ASSIGNMENT -
For the material below, reproduce exactly each line from the one that has "Die Wildbienennisthilfe für" through the one that has "1. 코로나 선별진료소 위치 확인", and no others; pictures stay out.
--- TASK INPUTS ---
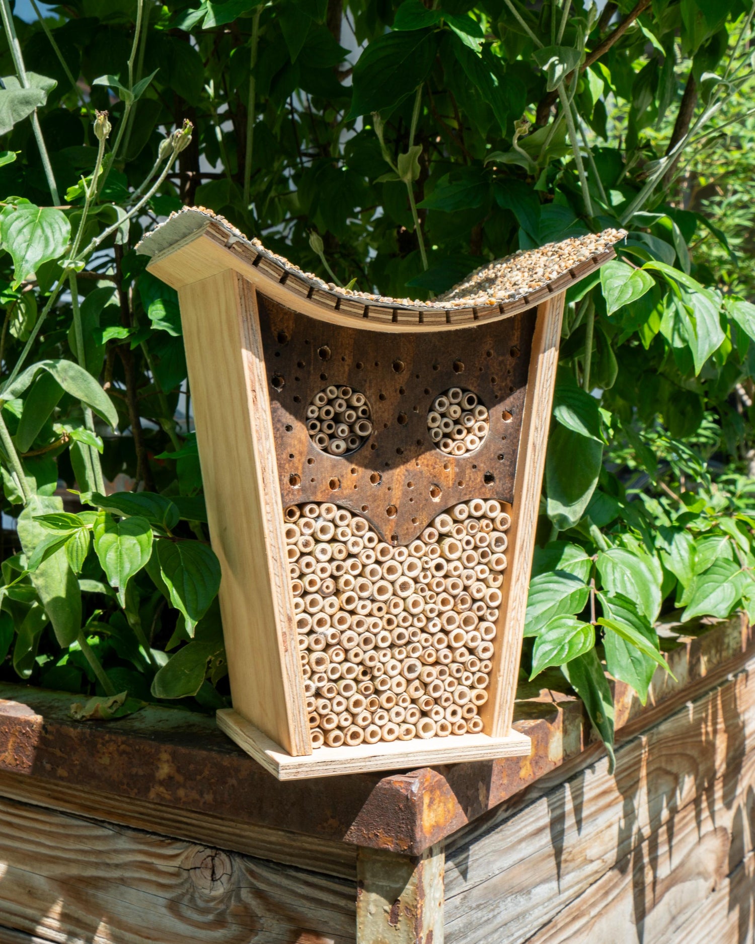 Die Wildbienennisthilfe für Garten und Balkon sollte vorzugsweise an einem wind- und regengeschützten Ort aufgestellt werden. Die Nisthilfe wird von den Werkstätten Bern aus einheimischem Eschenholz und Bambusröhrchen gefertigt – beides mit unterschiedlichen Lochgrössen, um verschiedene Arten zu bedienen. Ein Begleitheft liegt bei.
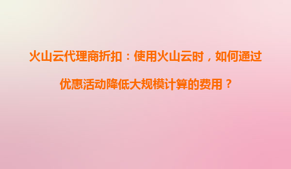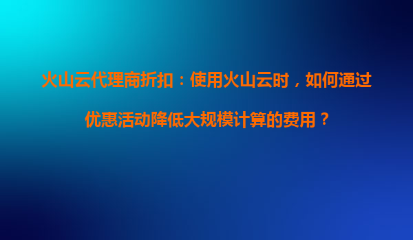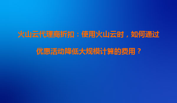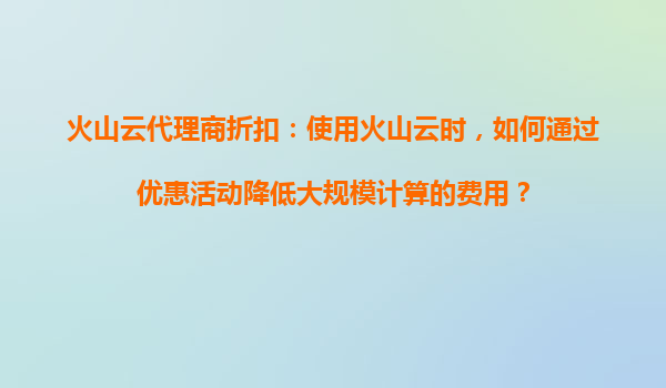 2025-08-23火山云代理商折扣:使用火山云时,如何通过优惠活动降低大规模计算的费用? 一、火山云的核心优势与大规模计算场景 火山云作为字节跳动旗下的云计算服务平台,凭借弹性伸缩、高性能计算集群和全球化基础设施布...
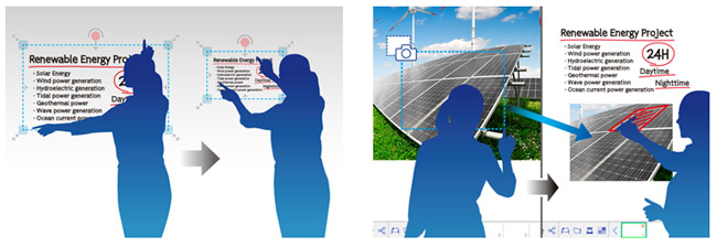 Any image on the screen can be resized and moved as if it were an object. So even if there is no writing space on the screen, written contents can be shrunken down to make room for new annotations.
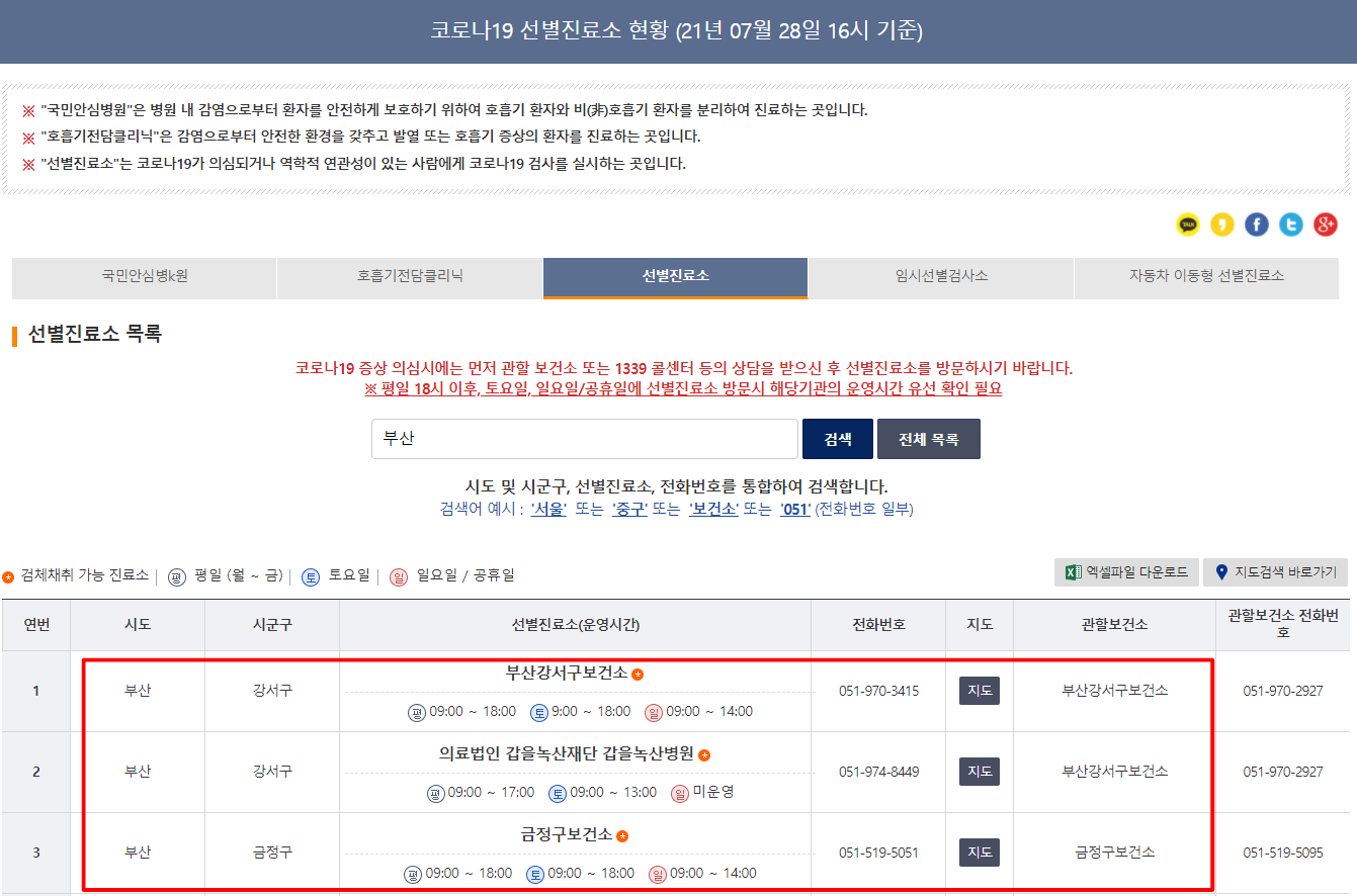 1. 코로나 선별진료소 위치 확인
---
--- TASK INPUTS ---
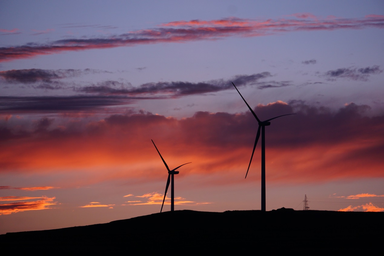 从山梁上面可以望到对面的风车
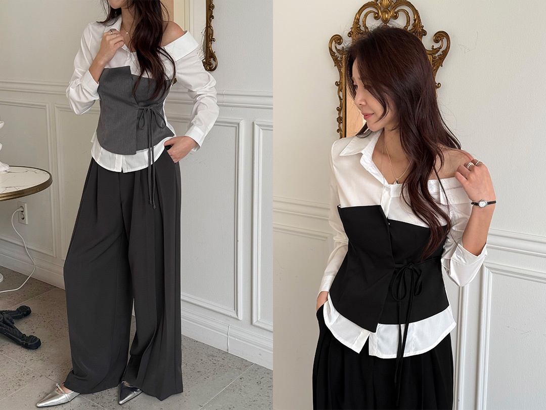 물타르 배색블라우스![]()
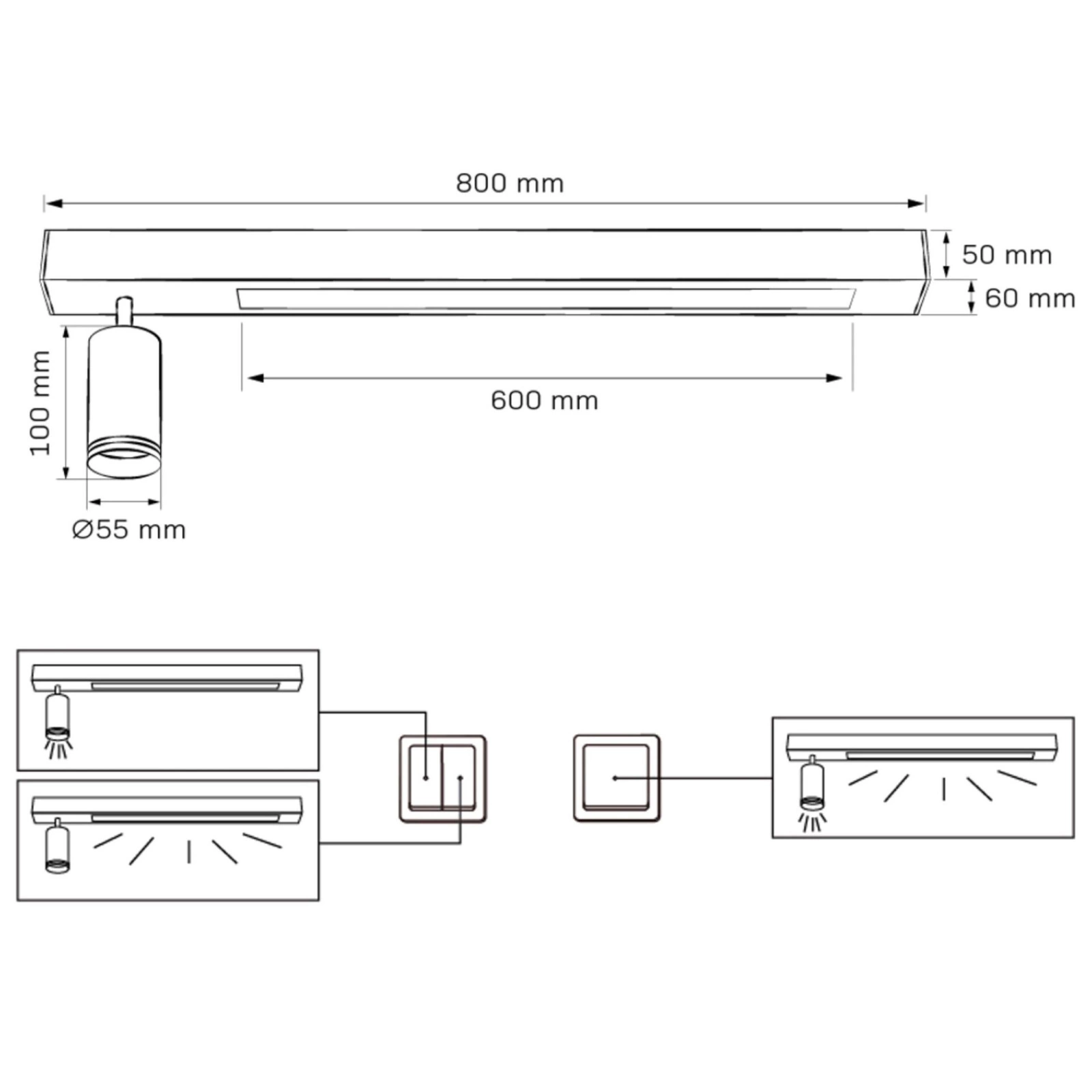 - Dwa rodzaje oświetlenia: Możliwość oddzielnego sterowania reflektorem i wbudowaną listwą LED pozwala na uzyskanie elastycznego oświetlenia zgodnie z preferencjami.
---
--- TASK INPUTS ---
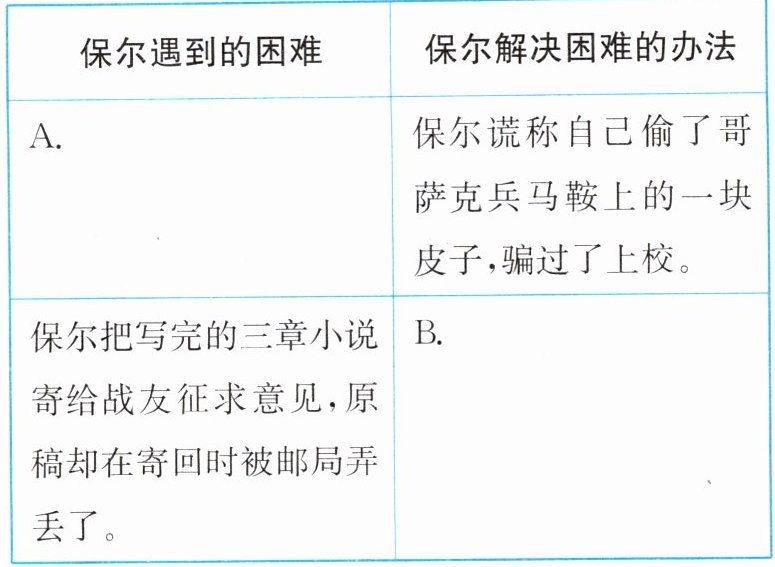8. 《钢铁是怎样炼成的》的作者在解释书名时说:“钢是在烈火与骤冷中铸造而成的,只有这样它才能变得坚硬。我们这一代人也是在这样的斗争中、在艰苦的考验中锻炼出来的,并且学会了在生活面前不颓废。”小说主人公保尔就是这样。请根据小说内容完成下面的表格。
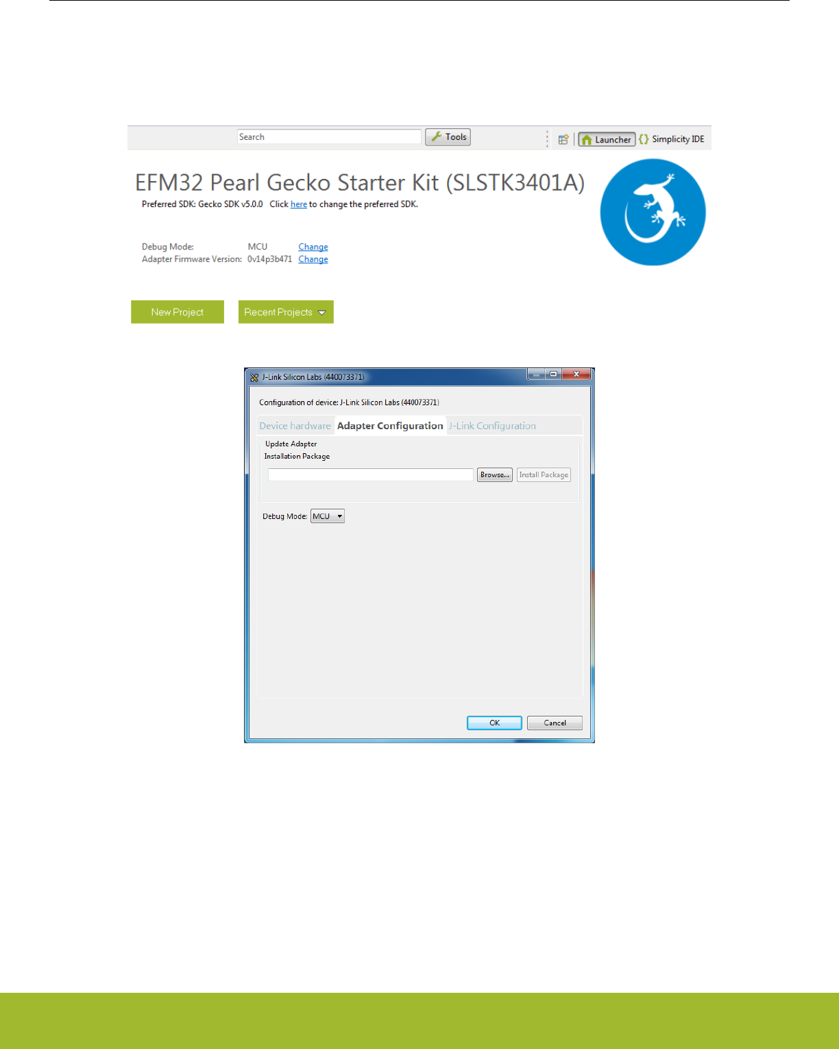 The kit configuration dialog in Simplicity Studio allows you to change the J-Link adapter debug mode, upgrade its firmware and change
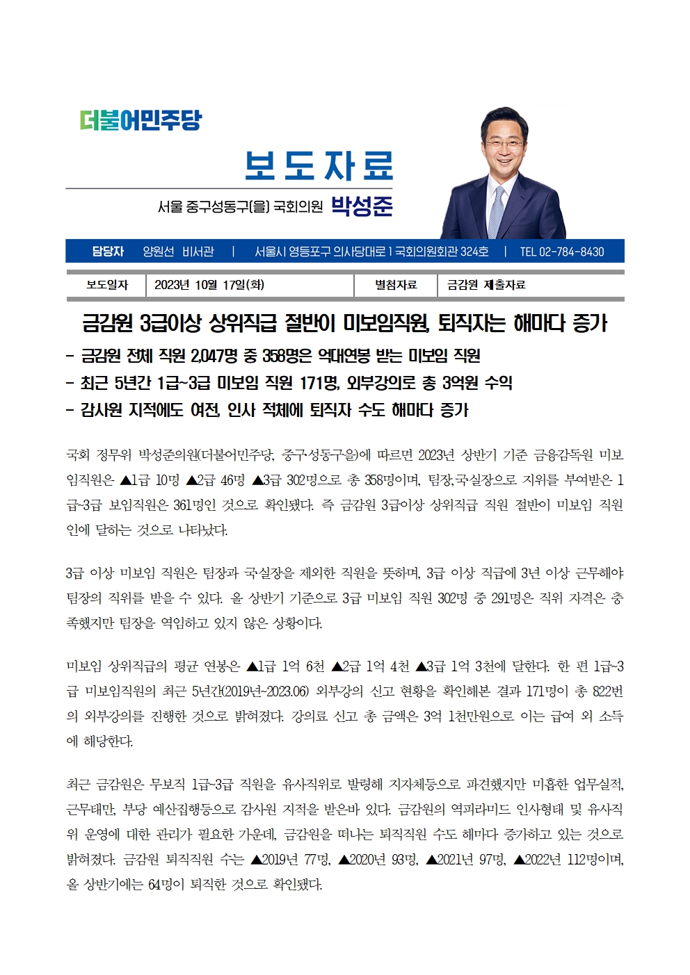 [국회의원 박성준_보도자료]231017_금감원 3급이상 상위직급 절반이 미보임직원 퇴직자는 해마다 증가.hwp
---
SOLUTION TO THIS EXERCISE -
 Die Wildbienennisthilfe für Garten und Balkon sollte vorzugsweise an einem wind- und regengeschützten Ort aufgestellt werden. Die Nisthilfe wird von den Werkstätten Bern aus einheimischem Eschenholz und Bambusröhrchen gefertigt – beides mit unterschiedlichen Lochgrössen, um verschiedene Arten zu bedienen. Ein Begleitheft liegt bei.
 2025-08-23火山云代理商折扣:使用火山云时,如何通过优惠活动降低大规模计算的费用? 一、火山云的核心优势与大规模计算场景 火山云作为字节跳动旗下的云计算服务平台,凭借弹性伸缩、高性能计算集群和全球化基础设施布...
 Any image on the screen can be resized and moved as if it were an object. So even if there is no writing space on the screen, written contents can be shrunken down to make room for new annotations.
 1. 코로나 선별진료소 위치 확인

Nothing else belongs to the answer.